Homepage: http://come.to/wildheart/

<<<Omae ga michi ni mayottara hohoemide yamiwo terasou ---
   When you get lost, I shall enlighten you with my smiles>>>



Sun, 18 Jan 2004 23:25:53 GMT  
 apl and regular expressions
Quote:

> > This is well said. I would only add, for completeness, some
> > characterization of the sensible `domain' of REs---much more
> > closely tied to character strings than has been clear in the
> > earlier discussion.

> While I won't argue with this statement which, in my opinion, is quite
> sensible, there's more to regular expressions than what hits the eye.

[snip]

Thank you. I'll return `the favor' by not arguing much with your characterization
either, other than to make a couple of further obeservations...

In my reading of the literature, Matz work didn't `go far' thus suggesting that while
RE's _could_ be applied in this context, there wasn't a whole lot of gain to be had
in doing so. On the other hand this domain of study is well out of my `normal scan range'
so I may not know recent developments at all well. It all reminds me vaguely of some work
we did in the early 70s (largely by my then student Zisman who later ran Lotus) using RE
and Petri Nets to characterize communications flows.

Second, central to (but perhaps only implicitly) my view is not that REs are necessarily
_impossible_ to apply in APL domains, but rather that there is likely little gain to be
had in doing so. From a broad brush overview, I find APLs, Js and Ks tend to be particularly
productive for me in circumstances where there is some natural structuring to the data---stock
ticks, organized data structures, ... and REs are pretty useless in most of these domains,
other than as applied to original (external world) strings. I like REs a lot, and make
heavy use of them, but it tends to be when I am doing string patterns in perl or searches
in EMacs where the data that I am dealing with is often quite loosely structured.

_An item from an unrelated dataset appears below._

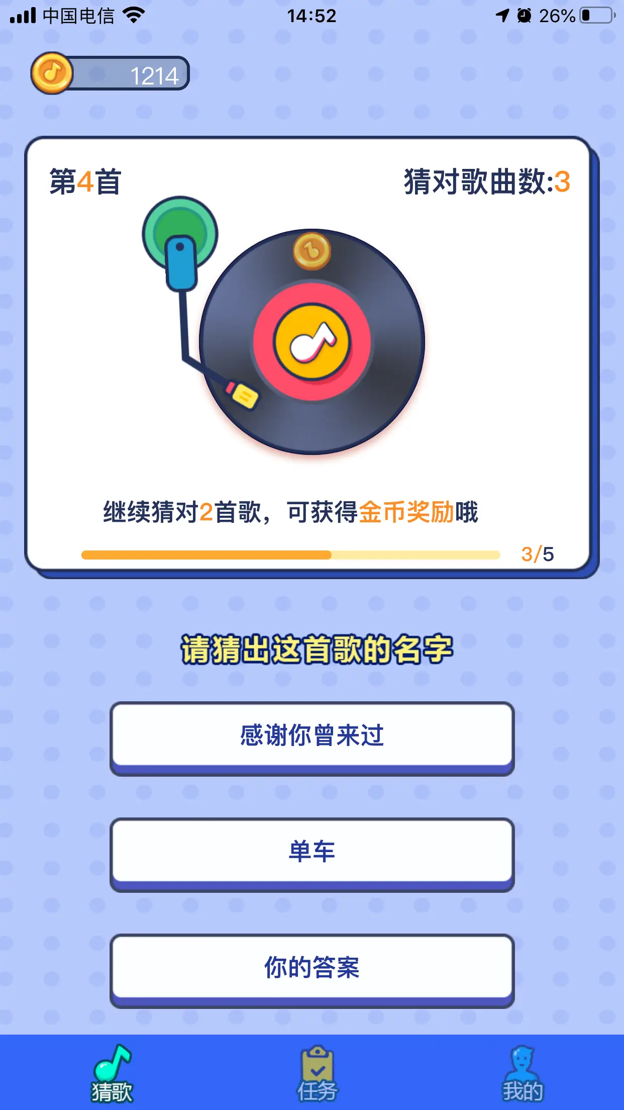 - 玩家猜错歌曲可以通过观看激励视频广告复活一次,否则连对奖励会重置,不能得到任何奖励

So I guess in summary I am making principally an `engineering point'. Theoretically, just about
anything can be applied to just about anything. Some vague notion of REs can probably be stretched
to apply to some form of APL structure. I simply regard the liklihood of doing so productively to
be _very small_, and even if it were done it would still likely (IMO) be distinctly inferior to
other solution domains where they are a much more natural construct.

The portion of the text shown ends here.